*Problem to work on*:
Repeat the listing below line by line, exactly, leaving its pictures behind.

*Available data*:
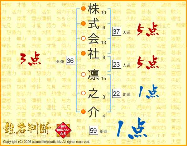 株(10画)式(6画)会(13画)社(8画) 凛(15画)之(3画)介(4画)
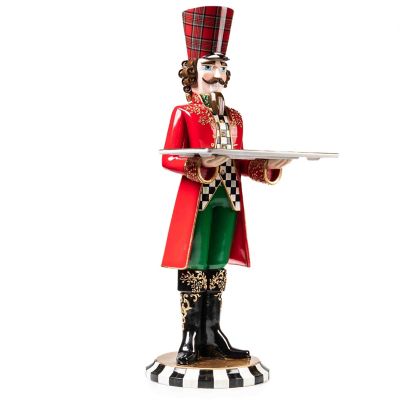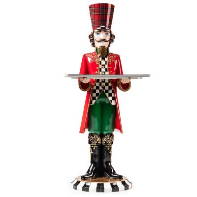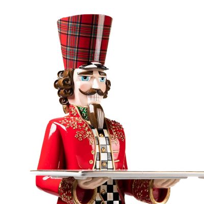 Create a special display or serve holiday treats with this hand-painted, tartan-wearing nutcracker holding an attached ceramic tray.
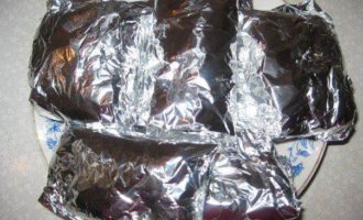Заворачиваем в фольгу и убираем на ночь в холодильник.

*Output for this exercise*:
 株(10画)式(6画)会(13画)社(8画) 凛(15画)之(3画)介(4画)
 Create a special display or serve holiday treats with this hand-painted, tartan-wearing nutcracker holding an attached ceramic tray.
Заворачиваем в фольгу и убираем на ночь в холодильник.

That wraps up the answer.